Creo que el gobierno no está viendo bien la realidad, no está entendiendo qué es lo que pasa y ahí hay un problema importante, espero y aspiro a que pueda cambiar su mirada.

Los números no le están dando bien al gobierno, la inflación no se ha podido contener como se esperaba…

- Hay un problema serio en la Secretaría de Comercio, si quien está a cargo tiene intereses en el supermercadismo, tenemos un problema porque está de los dos lados del mostrador. El que creó “precios transparentes”, nunca tomó agua de la canilla, nunca cruzó la calle, tienen que salir un rato, fijarse, tengan calle para ver, de lo contrario no hay manera. Es un gobierno que no ha tenido resultados, el que tiene un trabajo formal las paritarias le quedaron por debajo de la inflación y la plata no le alcanza, el que hace changas antes trabajaba 5 días y ahora trabaja 3, al que tiene un plan social los alimentos se le fueron por las nubes y no le alcanza. No hay argentino que haya mejorado en estos 16 meses.

¿Le falta una pata peronista a este gobierno para que le haga ver las cosas que no ve?

- No, le falta calle, sentido de la realidad, andar. Cualquier pibe de cinco años sabe que en la Argentina la gente compra en cuotas porque no le alcanza para comprar de contado. No creo que sea un tema de peronismo o no peronismo, es un tema de conocimiento de la realidad cotidiana de la calle, y el gobierno tiene la rara habilidad de que un dato es malo pero después va a ser bueno. Este esquema es poco creíble.

Hoy tenemos más gente en los comedores comunitarios. Recorro la provincia y lo veo. Donde había 100 personas ahora hay 180; hacía mucho que no veía que la familia completa fuera al comedor, es un fenómeno que había desaparecido. Bajó el consumo de leche por primera vez en muchos años, eso significa que no hay plata, hay una situación de degradación importante que ojalá el gobierno pueda tomar nota rápidamente.

Qué hubiera sido de esta situación si no estuviese implementada la asignación universal por hijo y jubilar a todos aquellos mayores que no tenían aportes…

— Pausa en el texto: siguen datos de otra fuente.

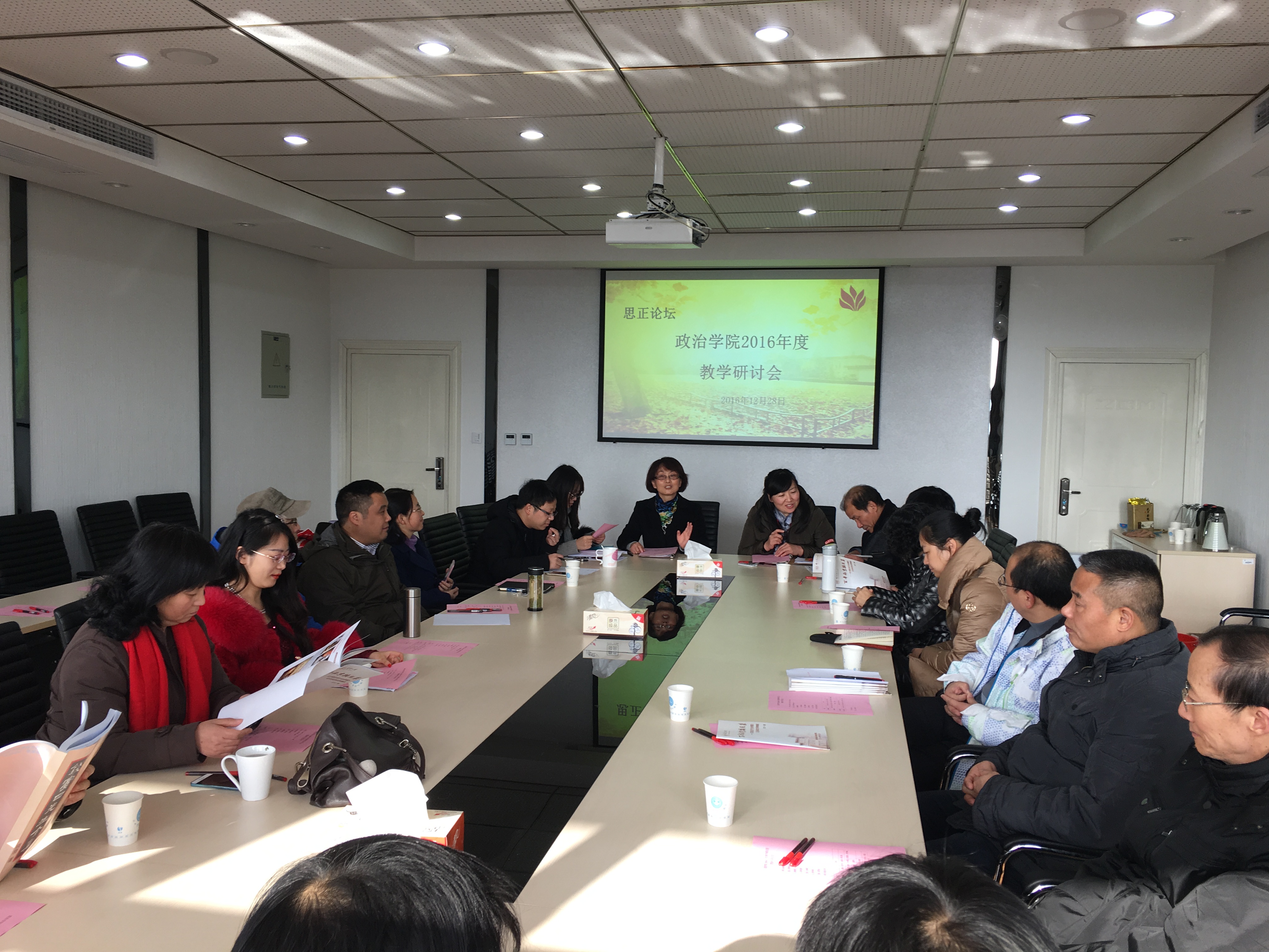 2016年12月28日下午2:00-5:00,政治学院在会议室A610举行2016年度教学研讨会,副院长葛笑如主持会议,院长、书记余林媛、学院全体教师参加了研讨会。

- Sin el sistema de cobertura social que tiene la Argentina, estaríamos frente a una situación de guerra civil en nuestro país. Hay 9 millones de personas que reciben asistencia todos los meses a través de planes sociales, 8 millones de jubilados, y además distintos programas provinciales. Con toda esa cobertura tiene 30% de pobreza, 35% de trabajo informal y casi 19% de desocupación. Cada gobierno amplió los planes sociales desde 1983 a la fecha; pero el problema no son los planes sino la economía.